Plans to Reform Corporate Criminal Liability Shelved by UK Government

Plans to Reform Corporate Criminal Liability Shelved by UK Government

Blog WilmerHale W.I.R.E. UK

On 28 September 2015, the Government announced, via a written response to a Parliamentary question, that it has abandoned plans to reform the rules governing corporate criminal liability in the UK.

The justification offered by the Government for its decision not to extend section 7 of the Bribery Act to other acts of financial crime, and also not to reform the rules of corporate criminal liability more generally, is that “there have been no prosecutions under the model Bribery Act offence [section 7] and there is little evidence of corporate economic wrongdoing going unpunished.

The Government should be cautious to read too much into the fact that there have been no prosecutions under section 7 of the Bribery Act. The Bribery Act does not have retrospective application and therefore only applies to conduct undertaken after 1 July 2011. Conduct amounting to an offence under section 7 can, by its very nature (that is serious, complex and multi-jurisdictional), take a long time to come to light and then once it does, can take several years for the SFO to successfully investigate and prosecute. We only have to look at the delayed, but ultimately profound, impact of the 1977 Foreign Corrupt Practices Act in the US for a prime example of a lengthy time lag between statutory reform and subsequent effective prosecutorial activity.

That the UK’s legal framework for corporate criminal liability needs reform is beyond dispute. As long ago as August 2010, the Law Commission described the identification doctrine (the existing legal doctrine which sets out that for a company to be guilty of a criminal offence it must be established that someone who can be described as its “directing mind and will” was involved in committing the offence) as, “an inappropriate and ineffective method of establishing criminal liability of corporations” (The Law Commission, Consultation Paper No195, Criminal Liability in Regulatory Contexts, paragraph 5.84). The Government’s decision then to abandon reform in this area will be greeted with surprise and disappointment.

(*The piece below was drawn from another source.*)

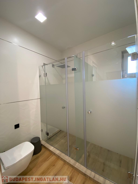 A fürdőszoba elegáns burkolatokkal, két különálló zuhanyzóval és WC-vel rendelkezik, így akár két személy is kényelmesen, egymástól függetlenül készülődhet reggelente. Az ablakos kialakításnak köszönhetően jól szellőztethető.

This is likely to be particularly true for those with high hopes for the fledgling Deferred Prosecution Agreement (DPA) regime. Speaking less than three weeks ago at the Cambridge Economic Crime Symposium, the Director of the SFO made plain his view that a shift away from the identification doctrine towards a US style principle of vicarious liability was necessary to make DPAs mainstream: “Until that is done, a corporate might conclude that if the prosecution of a company is so difficult under our law, why should they agree to a DPA?

This is a critical question and one that is likely to continue to hobble the DPA regime for as long as it continues to sit awkwardly in an unhelpful legal landscape. For this reason, and many others that fall outside the scope of this article, the Government may well be persuaded to revisit its decision in the future.